Greengrass voleva che il film riflettesse la fotografia completa del mondo da cui provengono i pirati. “Il libro di Phillips’ è stato scritto secondo questo punto di vista, naturalmente; sin dall’inizio, Paul voleva raccontare una storia che andasse oltre questo”, ricorda lo sceneggiatore Billy Ray. Il Coproduttore Michael Bronner, collaboratore di lunga data di Greengrass, ha scavato a fondo ricercando nella storia della pirateria Somala, gli imperativi economici che la guidano. L’impoverimento della pesca nelle acque Somale, dovuta al suo sfruttamento eccessivo, ha rappresentato uno dei fattori che ha stimolato la crescita dell’economia piratesca davanti le coste Somale, che contavano in origine sul salutare commercio interno del pescato. Bronner spiega, “La Somalia, che è stata decimata dalla guerra civile da quando la sua dittatura militare è decaduta nel 1991, ha subito, quasi nello stesso periodo, un incremento della pesca illegale, dopo che la UE ha insaprito le regolamentazioni in tal senso, facendo sì che le loro flotte si dirigessero verso nuovi territori di pesca.

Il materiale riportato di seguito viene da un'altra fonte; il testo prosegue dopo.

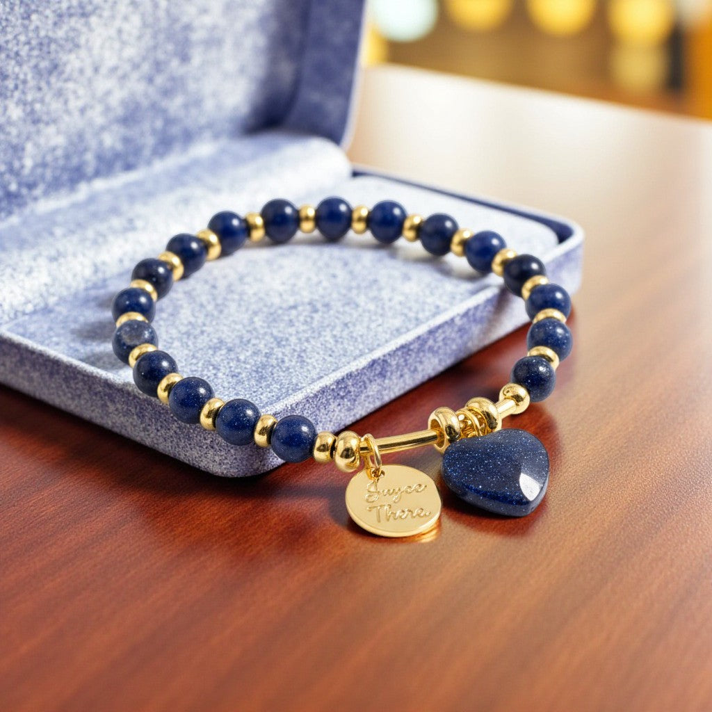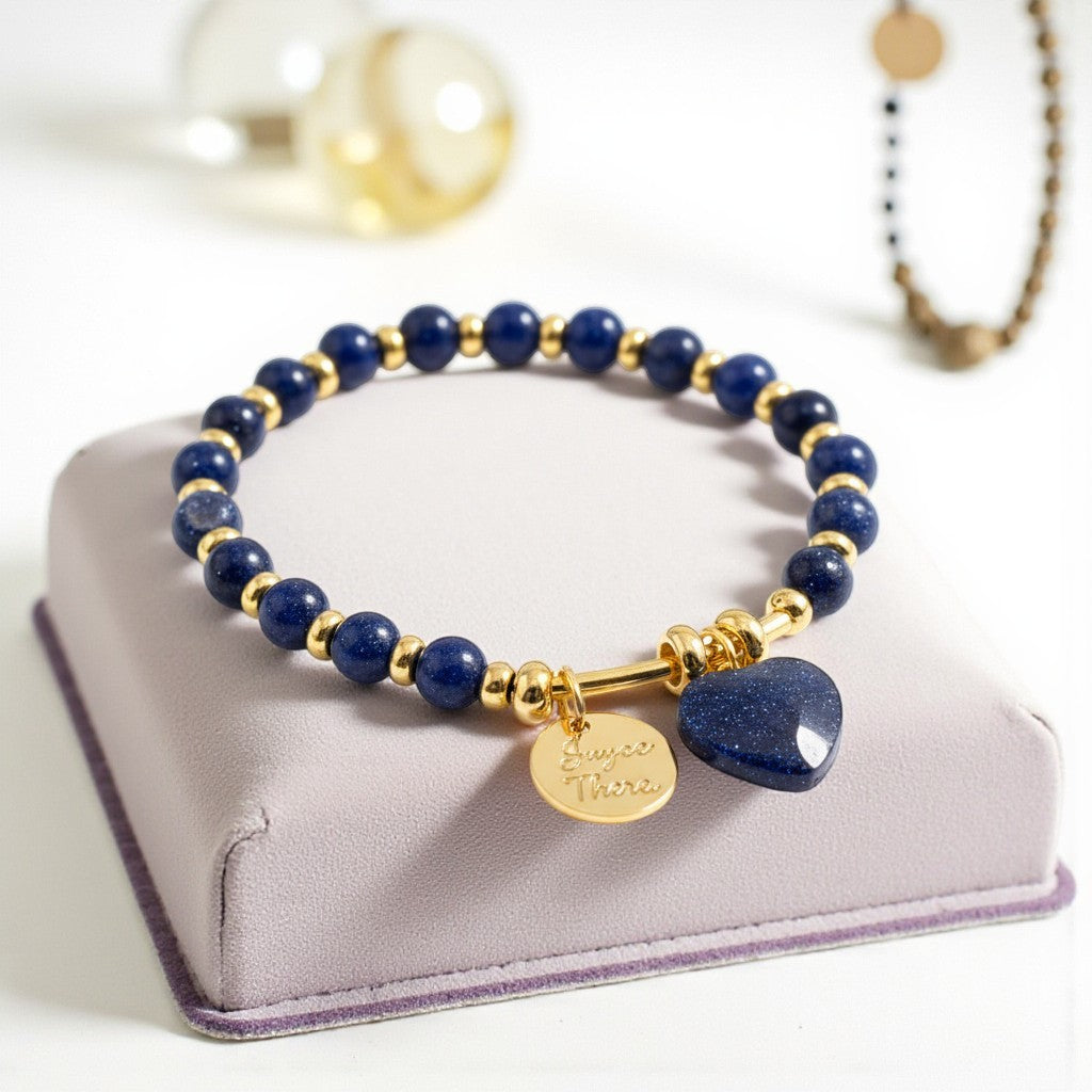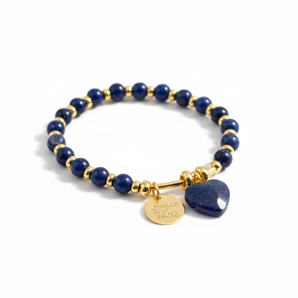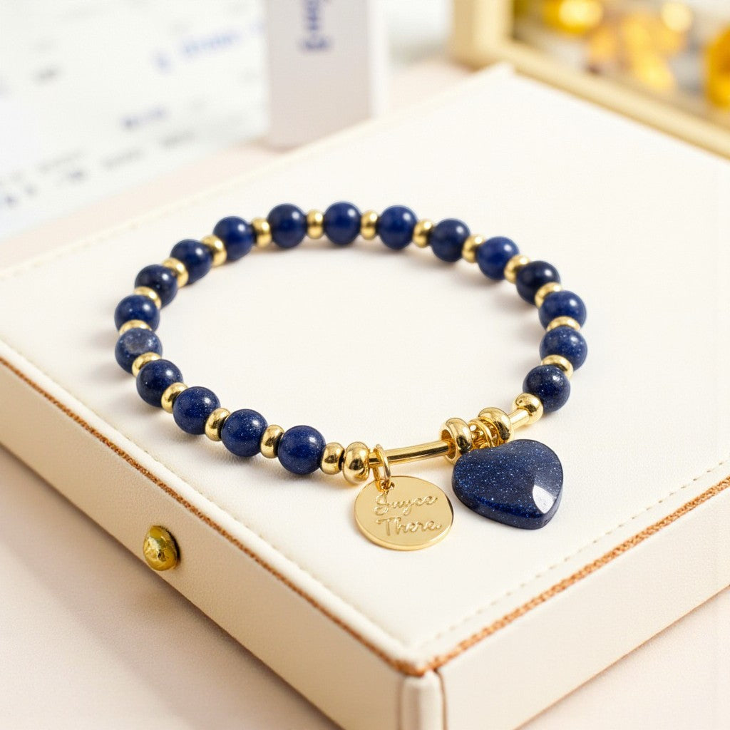 Natural Lapis Lazuli Heart Charm Bracelet for Wisdom, Intuition and Connection 6mm Beads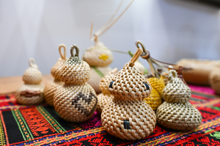 博鳌亚洲论坛2022年年会期间,海南黎族、苗族非物质文化遗产亮相博鳌亚洲论坛主题公园,为中外嘉宾展示海南少数民族文化魅力。图为博鳌亚洲论坛主题公园展出的黎族藤编产品。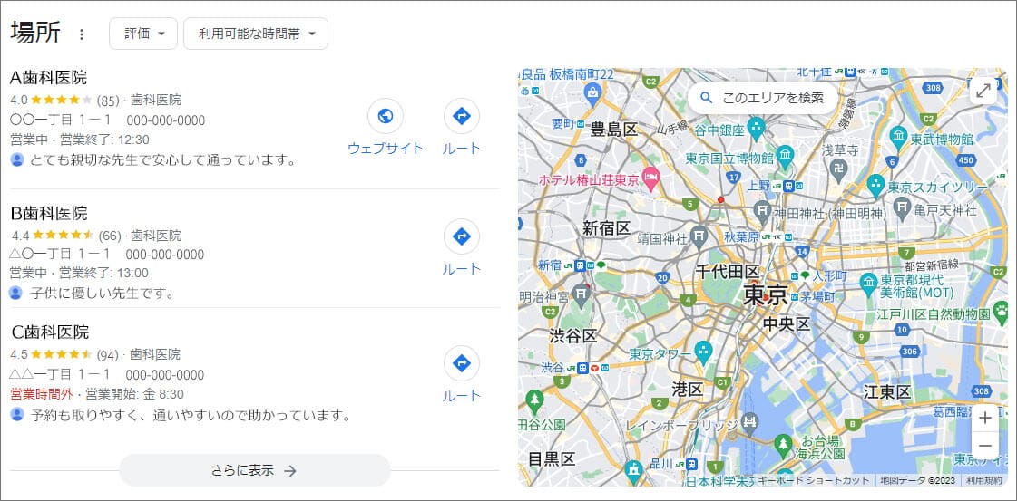 たとえば東京で歯科医院を探すため、「東京 歯科医院」とGoogleで検索します。検索結果は次のとおりです。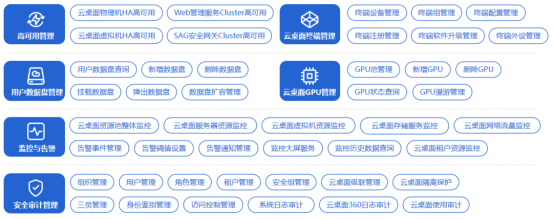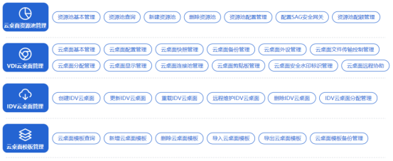 海誉云™ CloudBasis DCSS安全云桌面系统通过自主SAG云桌面安全访问网关和自适应多通道FastRAP桌面远程显示控制协议,可对VDI数据中心云桌面计算服务和IDV边缘端云桌面计算服务进行统一资源管理和快速交付,具备云桌面资源管理、VDI云桌面管理、IDV云桌面管理、云桌面模板管理、云桌面终端管理、云桌面GPU管理、用户数据盘管理、云桌面运维管理、监控与告警管理、安全与审计管理等核心功能。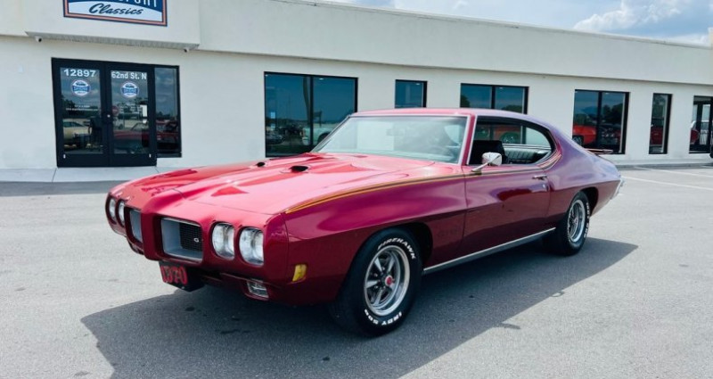 Informations fournies par le vendeur : 1970 Pontiac GTO400 CID V8 Engine400 Turbo Automatic TransmissionFactory Ram-Air HoodCold Factory Style ACPower SteeringPower Disc BrakesNewly Upholstered Bucket Seats with Center Console and ShifterWoodgrain Steering WheelWoodgrain Dash and Center ConsoleIn Dash Factory TachometerSpare TireDual Exhaust with Quad TipsRear SpoilerPontiac Rally Wheels with Raised White Letter TiresCardinal Red ExteriorBlack Interior0 Mileage (claimed). Provenance : Florida. Disponibilité : environ 7 semaines, clés en main. 58 500 € tout compris (importation, taxes, procédure d'immatriculation). Nous représentons les acheteurs sur le marché nord-américain et sécurisons chaque étape du processus, de la sélection à la mise en circulation. Annonce publiée le 19/11/2025

La pirateria Somala ha essenzialmente avuto inizio come reazione allo sfruttamento eccessivo della pesca; ex pescatori hanno iniziato ad impossessarsi di navi cargo e la susseguente richiesta di riscatto per la loro liberazione, come una nuova fonte di reddito. Quando fu chiaro che questa era un’attività proficua, i signori della guerra ne furono attratti e sotto il loro conmando, i pirati proliferarono fino a formare un’impresa transnazionale organizzata.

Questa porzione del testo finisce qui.